Then there are the Meta business additions. WhatsApp Business accounts can route messages through third-party providers (Twilio, Zendesk, etc.) on the business side; the encryption from your phone terminates at whichever provider the business uses. WhatsApp also introduced "Communities" and richer group features, expanded group sizes, and a Channels broadcast product, each of which has its own privacy posture worth understanding before assuming the chat-thread defaults apply.

For most people, the practical takeaway is: WhatsApp is fine for the conversations you would have on a phone call. It is not Signal. If you would not want Meta to see the metadata, you should be on Signal. If you would not want either Apple or Google to potentially be served the contents under a warrant against a backup, both ends of the conversation need to have turned on encrypted backups.

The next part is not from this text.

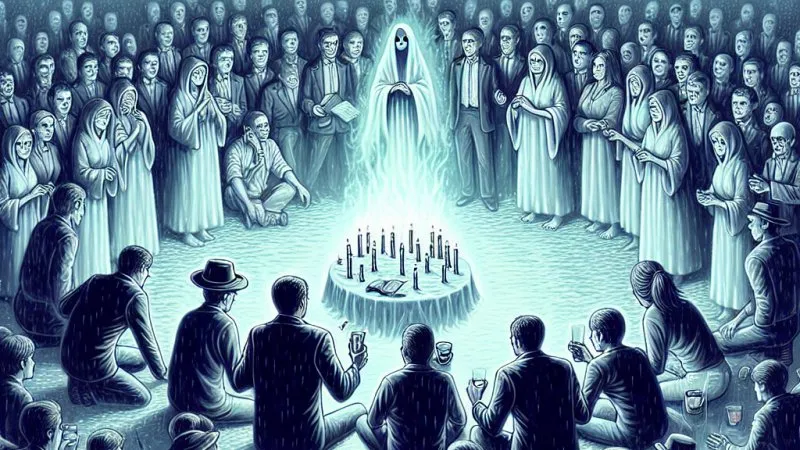 Wszyscy zebrani w kaplicy, wśród migoczącego płomienia świec i zapachu palącego się kadzidła, wyczekiwali na pojawienie się pierwszych duchów. Guślarz rozpoczął swoje inkantacje, pieśni wypełniły przestrzeń, a duchy, jeden po drugim, zaczęły materializować się wśród zebranych. Były to istoty z marzeń sennych i wspomnień, przywleczone z krainy zapomnienia na krótką chwilę w mrok tej specyficznej nocy.
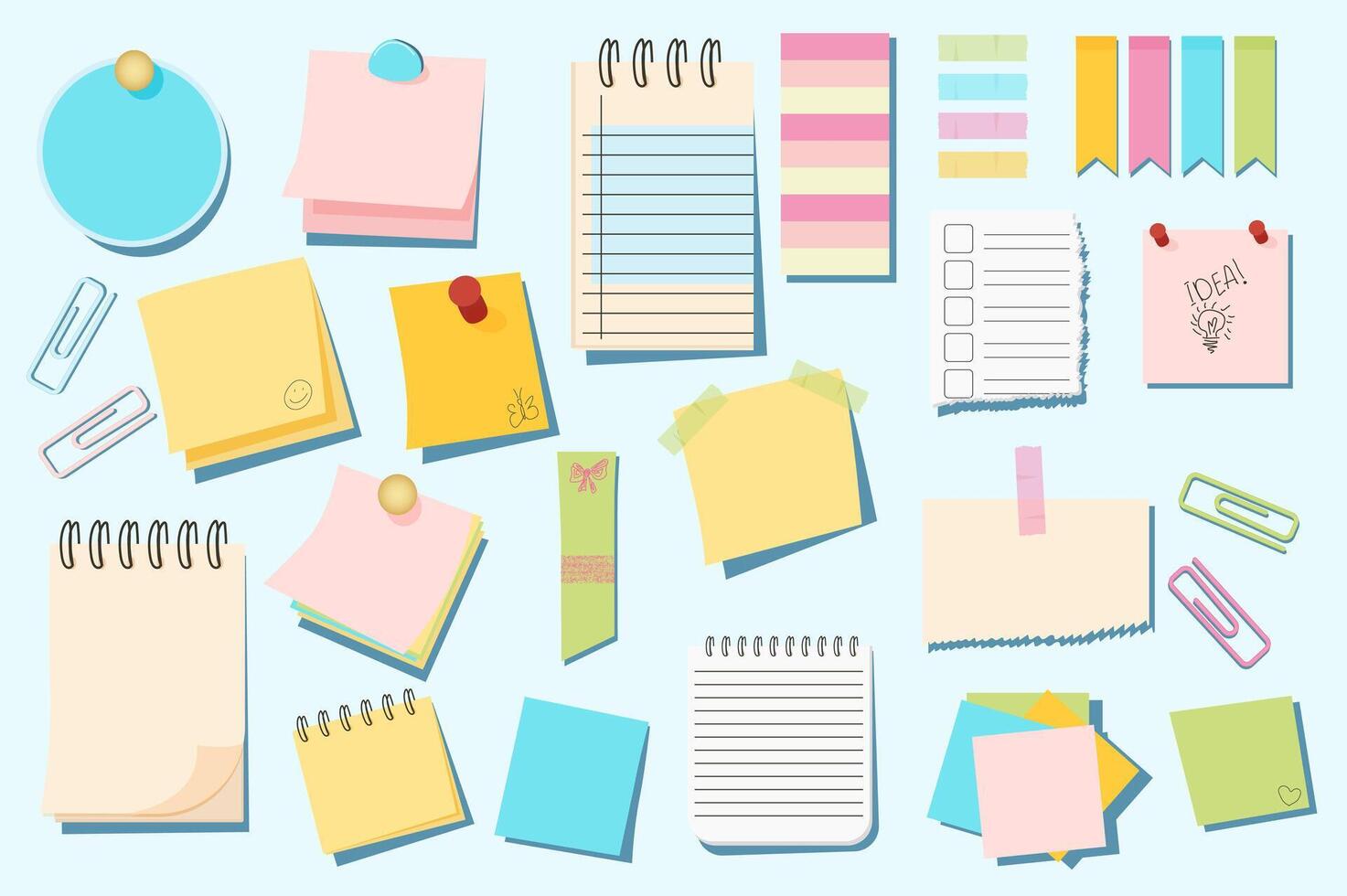 Cartoon sticky notes mega set elements in flat graphic design. Bundle objects of circle or square paper pages with pins, torn notepad sheets, to do lists, memo message reminders. illustration. Pro Vector

iMessage: end-to-end, with an iCloud-shaped hole that Apple now lets you patch

iMessage between two Apple devices has been end-to-end encrypted in transit since the product launched in 2011. Apple cannot read a message moving from one iPhone to another. The cryptography is Apple's own design rather than the Signal Protocol, but it has been independently analyzed and is, by all public accounts, sound.

The asterisk - the one that has caused most of the confusion - is iCloud Backup. Until December 2022, iCloud Backup stored a copy of your iMessage history alongside an encryption key that Apple held. Apple's official policy was that the company could be compelled by a valid warrant to hand over a decrypted copy of the backup, and the FBI's various battles with Apple over the years (notably the San Bernardino case in 2016) turned on exactly this: the device itself was hard to crack, but a backup of the device sitting in iCloud was retrievable. The Messages-in-iCloud feature added in 2018 changed the storage model but did not close the warrant gap, because the key protecting Messages-in-iCloud was itself stored in the iCloud Backup.

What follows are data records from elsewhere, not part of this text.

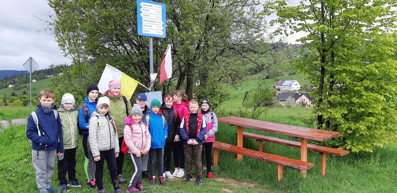Tyniok 892 m n.p.m. Po drodze mogliśmy spocząć na ławeczce, która powstala na szlaku dla turystow z okazji 100 rocznicy urodzin Jana Pawła II.
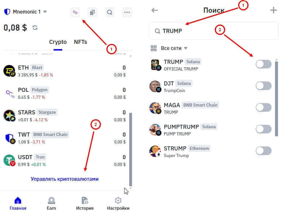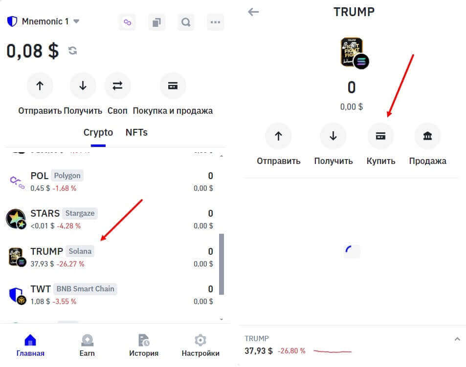 Пользователи могут зарабатывать на криптовалютном активе Trump Coin (Трамп Коин) двумя способами:
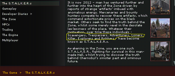 Chode Posted March 2, 2007 Author Share Posted March 2, 2007 does "S.T.A.L.K.E.R." actually stand for anything or is just for dramatic affect? It comes from the storyline involving the main character been involved in a truck accident in the zone. He is found by the dealer, who brings him back to health and starts giving him missions. The only clues to your identity are a tattoo on your arm reading "S.T.A.L.K.E.R.", and a PDA with the mission "Kill the Gunslinger". GSC have said we will learn what it means later in the game. how many engines did this game go through? Just the 1, GSC's own "X-Ray" engine. Though it has two renderers: DirectX8 and DirectX9. I remember trying the leaked Alpha; I think it was now 2 years or so ago...at least back then it had the graphics going, but today it doesn't even have that. Its graphics aren't nearly as impressive now, its ship has sailed like half life 2. It missed its boat unreal 3 is here and games need to step up, like crytek. "Mutants" trailer, the last official released trailer from about a week ago. The DirectX9 renderer is simply breathtaking...every last surface is bump-mapped realistically. However, even the DirectX8 renderer is amazing. It all comes down to fantastic level design. Going to miss searching for Chode to find updated stalker news. I love you too, SimplyPotatoes ;) Link to comment Share on other sites More sharing options...
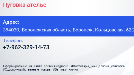 Пуговка, ателье по адресу 394030, Воронежская область, Воронеж, Кольцовская, 62Б в дальнейшем Организация, размещена в следующих категориях:
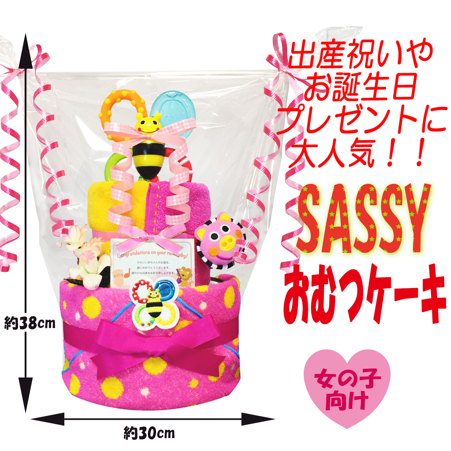 子供達に大人気のSassy/サッシーのタオルや歯固めなどを1つ1つ丁寧に取り付け手作りされたおむつケーキのギフトです♪ 大人気のSassy/サッシーとパンパースの組み合わせで豪華なおむつケーキになっております。出産祝いやお誕生日プレゼントに大変喜ばれるギフトです。 ギフト用にラッピングを施し、可愛いギフトボックスにお入れしてお送りいたします。 おむつケーキに使われているおむつはお届け先の赤ちゃんやお母様にも安心していただける様に、衛生面にも考慮し、手を洗った後に手袋を着用し、1枚1枚個別包装してありますので、ホコリや湿気をしかっりガードいたします。 そのままお出かけにも持ち運べます。 ご購入していただいたお客様に満足して頂くことはもちろん、贈り先の赤ちゃんやお母さん、お父さんの幸せを願ってお作りいたしております。 |
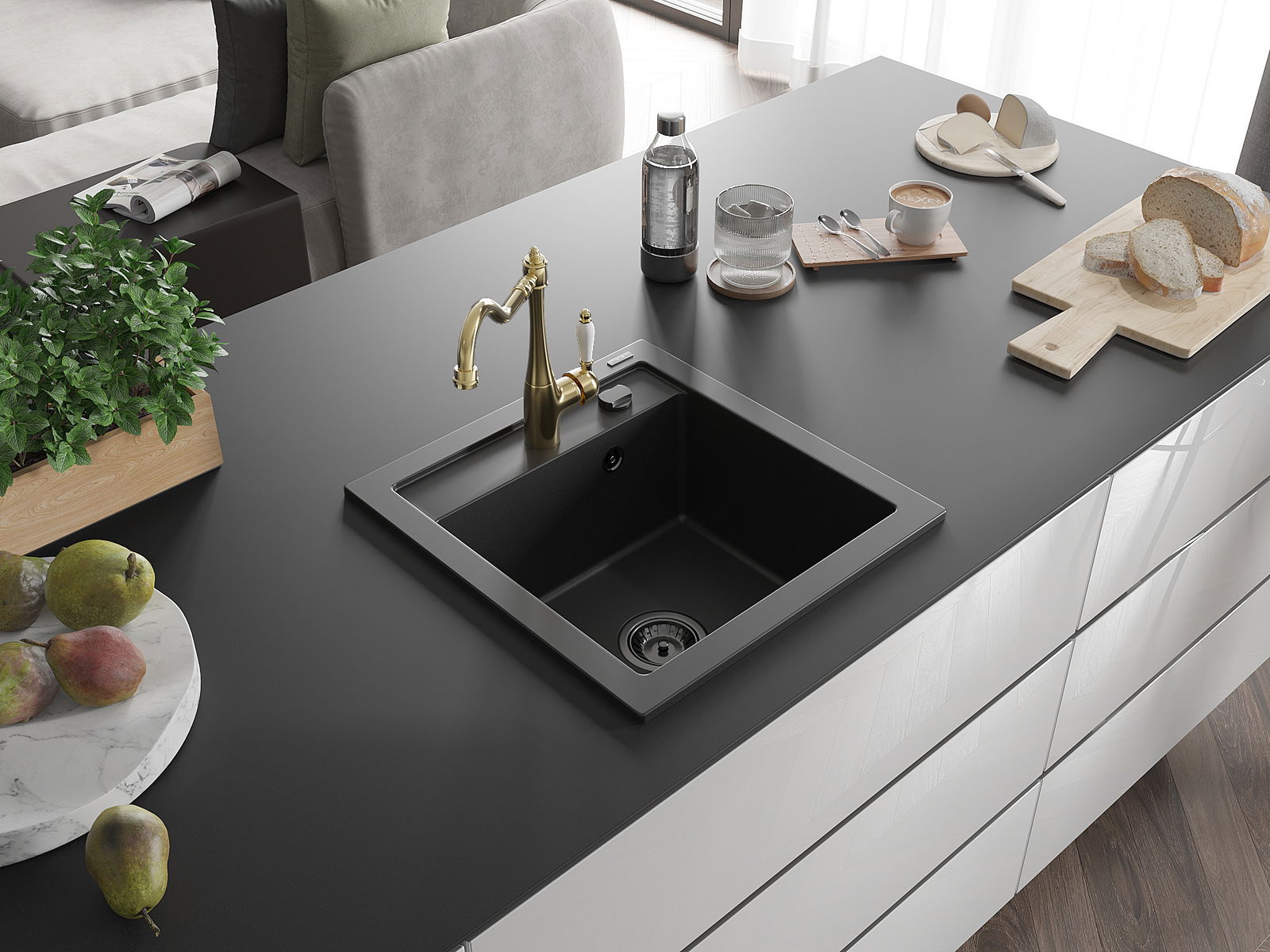Suprafața chiuvetei este rezistentă la pete și decolorarea, datorită căreia este ușor de curățat și își păstrează culoarea mult timp. Estetică și practic completarea fiecărei bucătării.
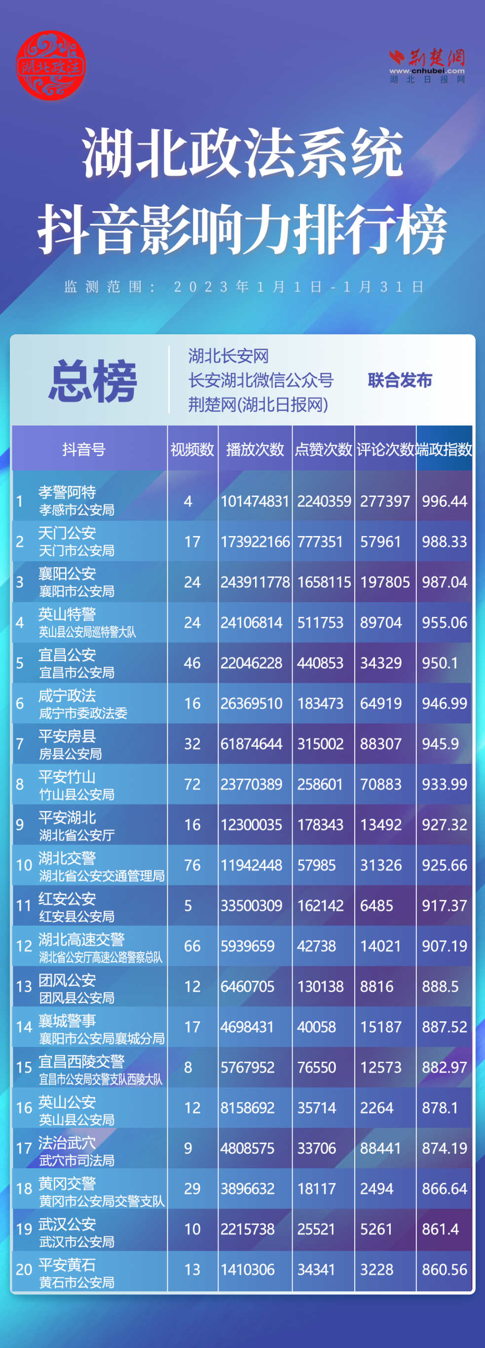 湖北政法系統(tǒng)370個(gè)抖音帳號參加評選,其中政法委系統(tǒng)82個(gè)、法院系統(tǒng)52個(gè)、檢察系統(tǒng)8個(gè)、公安系統(tǒng)195個(gè)、司法系統(tǒng)33個(gè)?!坝⑸教鼐?、“紅安公安”、“團(tuán)風(fēng)公安”、“英山公安”、“法治武穴”、“黃岡交警”6家單位強(qiáng)勢上榜,分別排名第4位、11位、13位、16位、17位、18位。
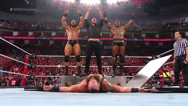 This brought out McIntyre, who came with a steel chair in hand. Lashley also emerged from behind, and they beat-up Strowman with steel chairs after which Lashley hit a spear and McIntyre a Claymore kick.
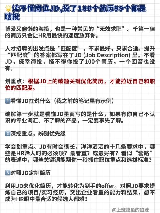3⃣️还没有看懂岗位JD就投了简历,无效海投,容易没有结果
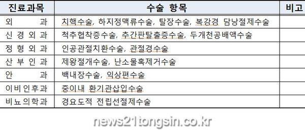 수술 지원 진료과목은 외과, 신경외과, 정형외과, 산부인과, 안과, 이비인후과, 비뇨의학과 7개 진료과로 지역 의료이용 현황과 연령별 수술 현황을 참고하여 수술 빈도가 높은 항목을 선정했다.

Apple's Advanced Data Protection (ADP), launched at the end of 2022 in the US and rolled out globally through 2023, finally closes that gap. Turning ADP on makes iCloud Backup, Messages-in-iCloud, iCloud Photos, Notes, and several other categories end-to-end encrypted, with the keys held only on your devices. Apple cannot read the backup; Apple cannot recover the backup if you lose the keys. The trade-off is exactly that: you take on the recovery responsibility (set up recovery contacts, write down the recovery key, do not lose all your devices simultaneously).

Two things follow. First, ADP is opt-in and the world default is still off - which means most iMessage conversations still have a readable-by-warrant copy in one or both participants' iCloud Backups. Second, the encryption story is only as strong as the weaker end: if you have ADP on but your conversation partner does not, their iCloud Backup still holds the readable copy.

Two more iMessage-specific gaps worth naming. The green-bubble SMS fallback is not encrypted at all - it is plain text over the cellular network, readable by the carrier. And the new RCS-over-iMessage rollout (iOS 18 introduced RCS support so iPhones can use rich features when messaging Android users) was, at launch, not end-to-end encrypted; Google's RCS implementation in Messages is, but the cross-platform interop is the part that has been catching up. Check the bubble color and the lock icon, not the rich features, to know whether a message is actually encrypted end-to-end.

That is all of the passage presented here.